Ростом Галя Чиликиди была в классе самая маленькая, чуть выше – соседка по огороду. Они сидели вместе, плохой октябрёнок и хороший, разумеется, на первой парте. Почти всю жизнь Галя дальше второй парты не сидела, да, правильно догадались – из-за роста. Но независимо от положительных качеств Галиного характера и отрицательных черт Веркиной натуры, поболтать ученицы любили одинаково.


И Мария Илларионовна решила их рассадить. Она подняла девочек, а следом попросила встать за второй партой двух Колек – Михайлова и Григорьева, таких же ростом, от горшка три вершка. И «великаны» встали. Пока стояли все вчетвером, наша Галя молча молила Марилариону, чтоб та почувствовала великое желание безумно влюблённой девочки и посадила её с Колькой Михайловым! Но, судя по тому, какая последовала перестановка низкорослых учеников, кожный покров Марии Илларионовны оказался намного крепче. Чем предполагала ученица. И нелюбимый Григорьев уже в следующую минуту раскладывал свои пожитки рядом с огорчённой одноклассницей


 Она молча наблюдала, за вознёй непрошенного соседа. С вполне объяснимой обидой сверлила его конопатый нос, белые брови и такие же белёсые ресницы, как будто видела мальчика впервые. Фу, какой некрасивый и смотреть неохота. Григорьев обвинялся во всём: в том, что он лишён напрочь красоты, в том, что он тоже маленького роста, в том, что просто родился с Галей в один год и поэтому учится с ней в одном и том же классе. И если бы не он, то сидела бы теперь Галя с Михайловым!
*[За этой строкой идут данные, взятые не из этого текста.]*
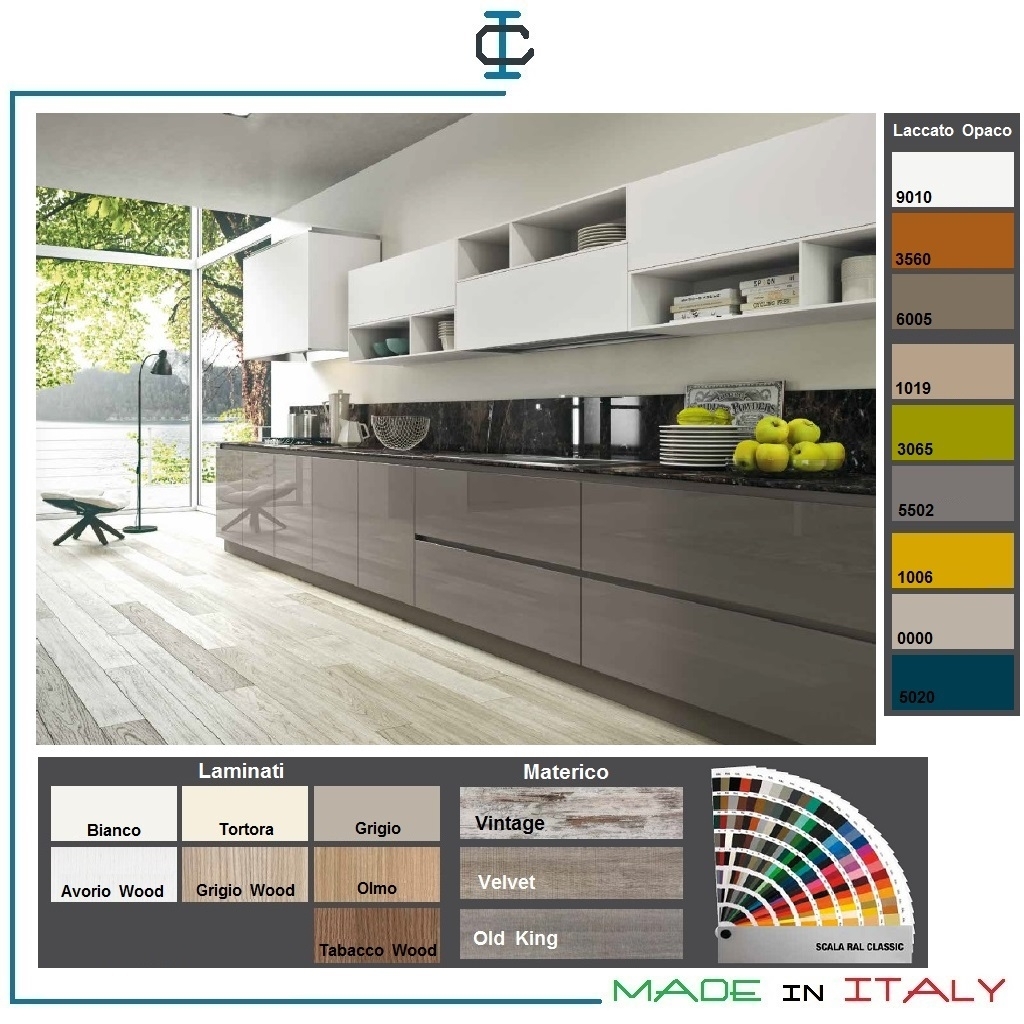 Cucina Laccata lucida Moderna con gola. Composta da zona cottura e lavello, pensili vasistas e pensili a giorno. Finitura in laccato con tinte a scelta. Materiali strutturali a scelta e colori configurabili. Design Contemporaneo.

 Веснушчатый ровесник, наверняка, чувствовал Галин недружелюбный взгляд, насколько мысли её темны он, вероятней всего не догадывался. Поэтому покраснел только слегка. Раскладывал школьные принадлежности осторожно, вёл себя, будто пришёл в гости, стеснительно. Совершенно не соображая, что та часть парты, что причитается ему, не является Галиной собственностью.


 Но это его не извиняло, покрасневший Колька стал ещё менее привлекательным, чем попал в ещё большую немилость одноклассницы. И вообще этот Григорьев вечно под ногами путается, всё старается ненароком, но обратить внимание на себя чернобровой Гали. Вот хотя бы взять нескончаемые ловитки, когда девочки догоняют пацанов.


Переловить одноклассников невозможно. Пойманный мальчик должен стоять на том месте, где его застукали, но не пойманные пацаны могут выручить пленника. То есть надо просто улучить момент и дотронуться до него и тот вновь вступает в игру.


Так вот Гале, естественно, хотелось отлавливать Михайлова, а надоедливый Григорьев постоянно вертелся перед носом, точно муха в тихий час. Он, нисколько не смущаясь, задевал девочку, что не погнаться за ним не представлялось возможности. Слишком белобрысый себя навязывал, как в песне, которую ещё не сочинили: «Выбери меня! Выбери меня!».


Тогда Галя, закусив удила, мчалась за Бунтей - это его кличка. Чтоб поскорей догнать, пригвоздить к неподвижности, тем самым вывести из игры. Ведь только так можно было избавиться от приставучего одноклассника. И с любовью погоняться за своим счастьем, облачённым в школьную уродливую форму, но обладавшим такими прекрасными глазками небесного цвета!